On Election Day, voters in three traditionally Republican-led states will decide whether or not to expand Medicaid, the government health insurance program for the poor and people with disabilities.
Before the Affordable Care Act, Medicaid was reserved mainly for pregnant women, poor children, low-income seniors and people with disabilities. With the ACA came the requirement for states to expand access to Medicaid to childless adults whose incomes are less than 138 percent of the federal poverty level, which is $12,140 for individuals.
A U.S. Supreme Court ruling in 2012 made the expansion optional for states. After that decision, Oklahoma Gov. Mary Fallin declined federal funds that would have footed the bill for Medicaid expansion.
Fast-forward five years and Idaho, Nebraska, and Utah have changed their tune and could join the 33 states and Washington, D.C., that have expanded Medicaid. Idaho Gov. Butch Otter, a Republican, endorsed the expansion initiative Tuesday. In Montana, voters are set to decide whether to approve a tobacco tax to continue that state’s Medicaid expansion or let it roll back next year.
NPR reports that the campaign to get Medicaid expansion onto the ballot in Utah and the three other states have been led by The Fairness Project, a nonprofit advocacy group that pushed for ballot measures on issues where they feel lawmakers are out of sync with citizens. The group is funded by the SEIU United Healthcare Workers West, a California health care workers union.
‘A perfect storm’ for hospitals
As more GOP-led states with vast rural areas consider Medicaid expansion, supporters in Oklahoma are watching. They say it’s the best solution to make sure rural hospitals survive.
“Because other states have found ways to accept these federal funds, they are moving forward, their hospitals are in better shape because of it,” said Patti Davis, director of the Oklahoma Hospital Association.
Oklahoma’s rural hospitals are in trouble: Four have closed in the past eight years,and the hospital association estimates that half of rural to mid-sized hospitals in the state are in danger of shuttering. Pauls Valley Regional Medical Center grabbed headlines for its recent closure.
It’s a perfect storm for Oklahoma hospitals, Davis said.
“You’ve got Medicare cuts, then you’ve got a decision not to expand Medicaid, then you’ve got state budget cuts,” she said.
Oklahoma has the second-highest uninsured rate in the nation — a major financial strain on hospitals. Joan Alker, a researcher at Georgetown University who studies health policy, said the number of people without health insurance is even higher in rural areas.
“We found that 38 percent — that’s almost four in 10 — uninsured, low-income adults would benefit from the Medicaid expansion in Oklahoma as compared to 32 percent of similar adults in metro areas,” Alker said. “We continue to see over time growing gaps in coverage levels between Medicaid expanders and the non-expanders.”
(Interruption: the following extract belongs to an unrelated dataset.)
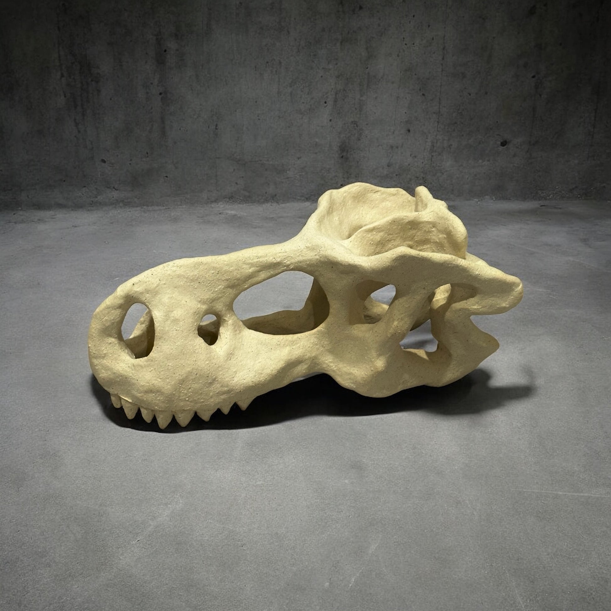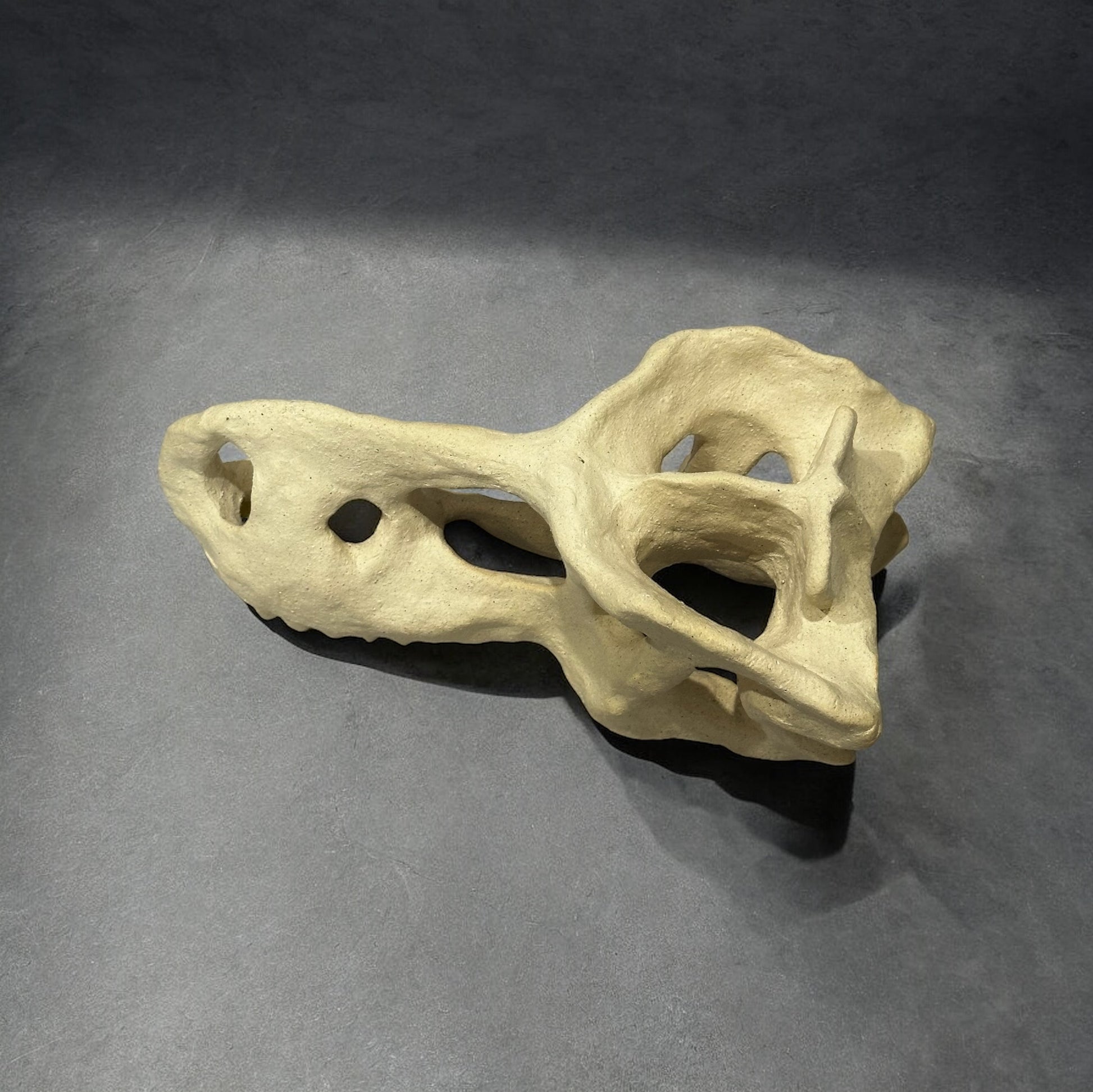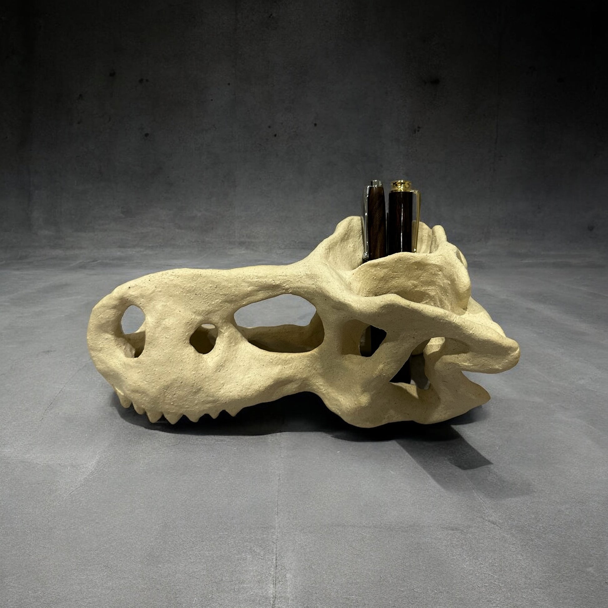 陶製恐龍雕塑呈現出一具恐龍頭骨的形態,細緻地捕捉了骨骼的線條與結構,使其栩栩如生。雕塑表面經過精心打磨,展現出自然的質樸與溫暖,彷彿時光的印記在此凝結。擺放於任何空間中,這件雕塑都能成為引人注目的焦點,喚起人們對史前生物的無限想像。

Rural places tend to be poorer and have higher rates of unemployment and disability — all factors linked to Medicaid eligibility.
“You know when there’s that many uninsured folks, it exposes them to medical debt and bankruptcy and exposes the hospitals and clinics that see them to a lot of bad debt,” Alker said.
Hospitals are legally required to provide emergency care. In areas where most people don’t have health insurance, that leads to more uncompensated care — services provided by hospitals or health care providers that don’t get reimbursed. That eats into the hospital’s bottom line.
Some bipartisan support
The effect of Medicaid expansion on hospital survival is dramatic.
“We performed a more rigorous analysis and controlled for things like local market conditions such as unemployment rate, median income and also hospital characteristics to see if the increased probability of closure in states that did not expand Medicaid remain — and it did,” he said.
Rural residents are worried about their local hospitals — and they’re paying attention.
About 250,000 people would have access to health insurance if Medicaid were expanded in Oklahoma, but it comes with an estimated $100 million price tag, which critics say the state can’t afford. The federal government would cover at least 90 percent of the cost.
Davis with the Oklahoma Hospital Association says another option is better funding for Insure Oklahoma, a state and federal program that subsidizes the cost of health insurance for low-income workers, many of whom fall in a coverage gap.
“If we accepted federal funds and put them in Insure Oklahoma, they [low-income workers] would qualify for a subsidy to help purchase their premium and then it would be affordable to them,” Davis said.
Another change to Medicaid may be on the horizon. This fall, the Oklahoma Health Care Authority will apply for a federal waiver to impose work requirements on some Medicaid recipients.